厲景珩痴痴地看著我,英俊的眉眼不復往昔,嘴角勾起的弧度也再不能牽動我的心。
“老婆,我們好久沒見了,你怎麼這麼忙?”
恍惚像回到戀愛時,他總這麼問我,像個嬌慣的孩子。
正是他這份委屈,讓我放棄了堅守二十年的事業。
可那是因為二十歲的厲景珩值得。
現在,他不值了。
不遠處傳來爆炸聲,我瞥了他一眼,像提醒陌生人那樣:
“這不是你該來的地方,儘快離開。
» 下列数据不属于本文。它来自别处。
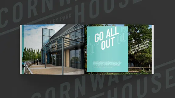 We created an energetic identity and recognisable colour palette that makes a statement and really sets Cornwall House apart from the typical commercial property branding style. The campaign concept was based on ‘It’s all here’ and influenced the whole narrative. The was all then rolled out in unique ways across other buildings throughout Blythe Valley.
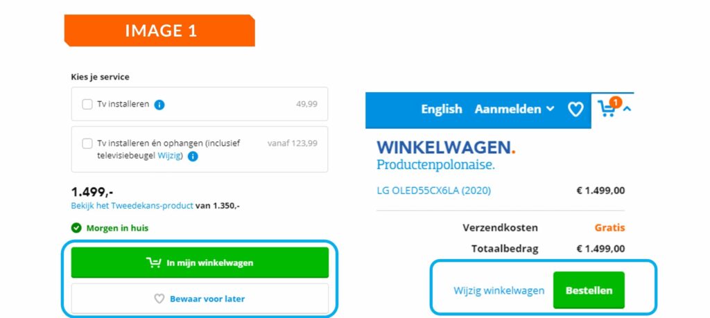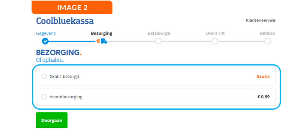 Coolblue uses the Hobson’s +1 choice effect in various places on their website. For example, in addition to the choice “Add to cart,” Coolblue also includes an option to “Save for later” beside each product, as seen in Image 1 above. Another example is that Coolblue gives the customer the freedom to choose between different delivery times (Image 2). By integrating the Hobson’s +1 choice effect, Coolblue ensures that consumers always feel like they have complete freedom of choice.

”
當年,厲景珩和好友玩空中極限運動意外墜落在邊境,差一點當成入侵者被狙。
我一槍救英雄,從此鍾情。
厲景珩每每提起都難掩崇拜:“老婆你不知道,那一刻,你在發光。”
我總是笑而不語。
這些年,我曾成為許多人的光,卻從沒有像這一次這樣開心。
可後來,我不再是他唯一的光,他也成為我的泯然眾人矣。
我徑直向前,厲景珩也寸步不離跟上。
一連數日,他都化身我的尾巴。
隊友們欲言又止,不知該說什麼。
休息時間,草叢窸窣作響,我當即警覺,卻仍慢了一步。
流彈落在腳邊,我迅速躲避,吊墜卻意外掉落。
“溪溪……”
我要反身回去,卻見一個身影比我更快。
轟鳴聲震得地面都在顫動,吊墜精準落入手中,隊友迅速架槍火拼,我快步趕到厲景珩面前。
他不瘋了,死死握住我的手:
“溪溪……一個人……孤零零的……我要去……陪她……”
“我欠她……一個道歉……”
他的瞳孔逐漸擴散,腦袋緩緩搖了搖:
“不……很多很多……道歉……”
鮮血倒灌喉嚨,他嘶嘶地發不出聲音,只有唇形有微微的變化。
我讀懂了那三個字的唇語,卻毅然抽出了手。
掃清伏擊的敵人,我冷聲道:“收隊!”
任務還未完成, 我下令就地焚燒,將骨灰寄回國內。
不久後,我收到鉅額資產,是厲景珩立的遺囑。
當晚,我又夢到了女兒。
她說渣爹一直纏著她道歉,她想轉世投胎了。
但在離開之前,她希望我能過上富足平安的生活。
我將一部分資金髮給隊員,將副隊長提為隊長,正式離開僱傭兵小隊。
夜朗星稀,我感到風兒的輕吻。
“媽媽,我走啦~”
“好。”
我高舉酒杯。
“下個十八歲,溪溪要圓滿哦~”
星星閃了閃,像是她的回應。
一切,都很好。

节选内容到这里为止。